The FSC is set to continue on its seemingly inexorable slide into becoming a ‘self-certification’ system with new changes to the Chain of Custody procedures. As announced in the most recent FSC Newsletter (see below), the FSC is currently piloting what are called ‘multi-site’ procedures, in which the FSC’s accredited certifiers would not actually check all the relevent company facilities in order to issue a Chain of Custody certificate.
This will add a further layer of discredit to what is already an opaque, muddled and highly doubtful system. FSC’s Chain of Custody process does not require checking or labelling all the way through to the end-user or retailer, nor does it provide information on the actual FSC-certified source of the products which are in the ‘chain’. Thus it is completely impossible for the end consumer or members of the supply chain to know where a given product originates.

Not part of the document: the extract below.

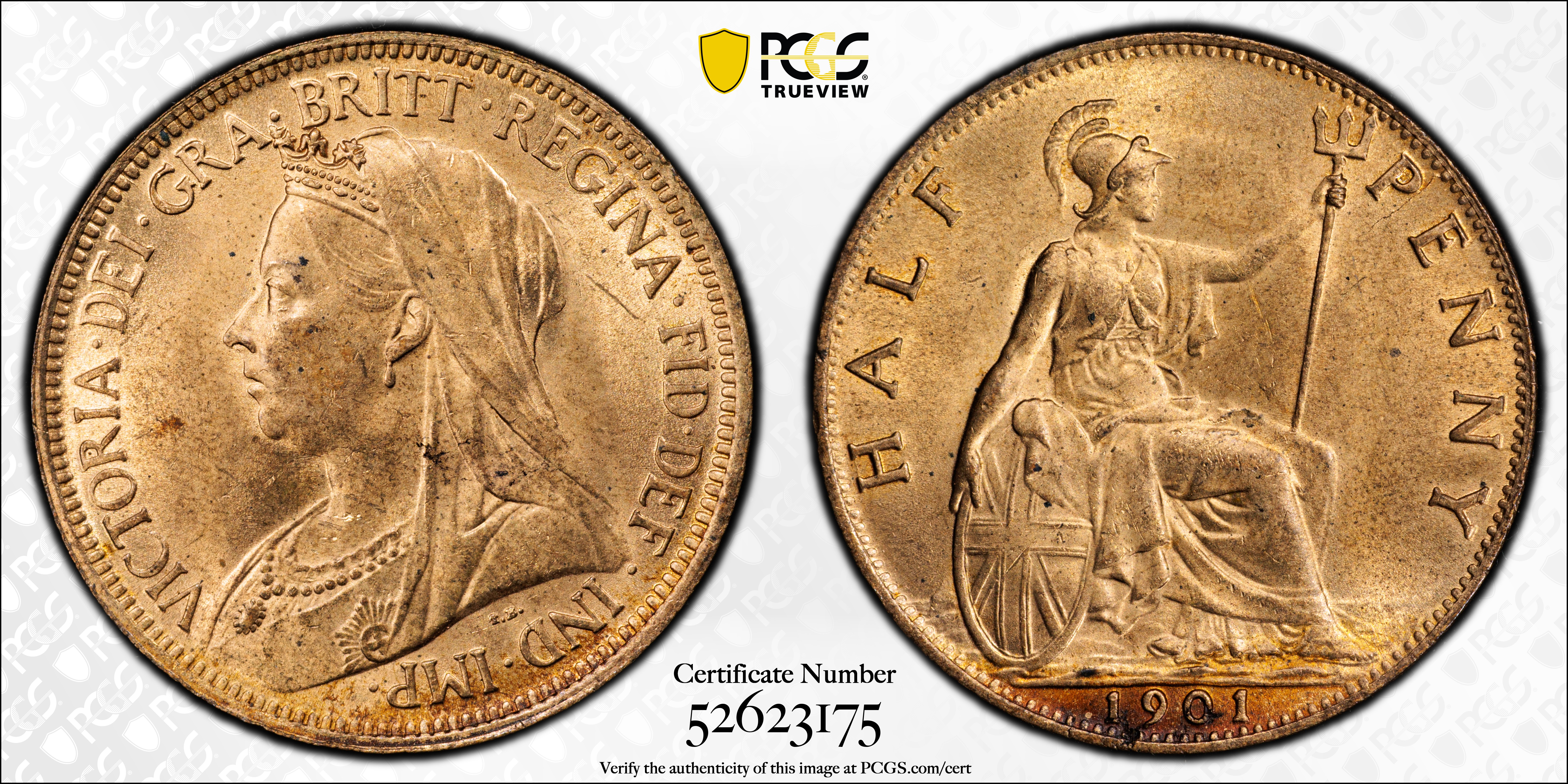 1901 1/2D S-3962, RD MS64RD Certification #52623175, PCGS #201774

Unlike forest management certificates, certifiers are not obliged to provide publicly available reports of the Chain of Custody certificates – so there is no way to check that assessments of the various companies in the supply chain have been carried out rigorously. However, previous reports of FSC Secretariat’s regular checks on the accredited certifiers have revealed that the certifiers have overlooked irregularities – some of them major – in the Chain of Custody procedures of some of the companies to which they had issued certificates.
Furthermore, an internal FSC report obtained by FSC-Watch reveals that, over the years, around 2,000 Chain of Custody certificates had been suspended or cancelled (the reasons for this are not known or stated, but probably including that the forest from which the product originated lost its forest management certificate, or closure of the company, and fraud). It seems highly doubtful that the FSC has managed to ensure that all the products passing through these thousands of de-certified chains of custody have, in fact, been ‘de-labelled’ as having a Chain of Custody certificate. Because this information about cancelled certificates is not in the public domain, members of the private sector who genuinely want to encourage better forest management by purchasing or specifying FSC products are put in the difficult position of not knowing whether a given company is genuinely still Chain of Custody-certified or not.
The new FSC system now being piloted will allow companies that appear to have similar procedures across several sites not to have all of them inspected as being chain of custody ‘secure’. This will clearly increase the scope for fraud in a system in which there are already doubts about the willingness or ability of the certifiers to conduct the necessary detailed ‘forensics’ to detect abuse of the system. As with the so-called ‘Controlled Wood Standard’, it will increase the likelihood that wood from non-certified (and possibly illegal) sources enters into the FSC-certified supply chain.
As with other FSC policies, such as that concerning ‘mixed-sources labelling’, this new procedure “has been developed to facilitate certification for larger companies” – who will no doubt be pleased that they can now, in effect, partially certify themselves. But it serves once again to undermine the credibility of the FSC.
CERTIFICATES ISSUED THROUGH MULTI-SITE PILOT
The first two FSC Chain of Custody (CoC) certificates resulting from a pilot test of the new draft Multi-site Chain of Custody certification standard have been issued.
Certified companies Danzer Group and SAPPI Fine Paper Europe can now market their products with the FSC trademark consistently throughout their operations on an international scale. FSC Multi-site CoC certification has been developed to facilitate certification for larger companies that have a number of production facilities, warehouses or sales agencies, at which fundamentally the same functions, methods or procedures are carried out.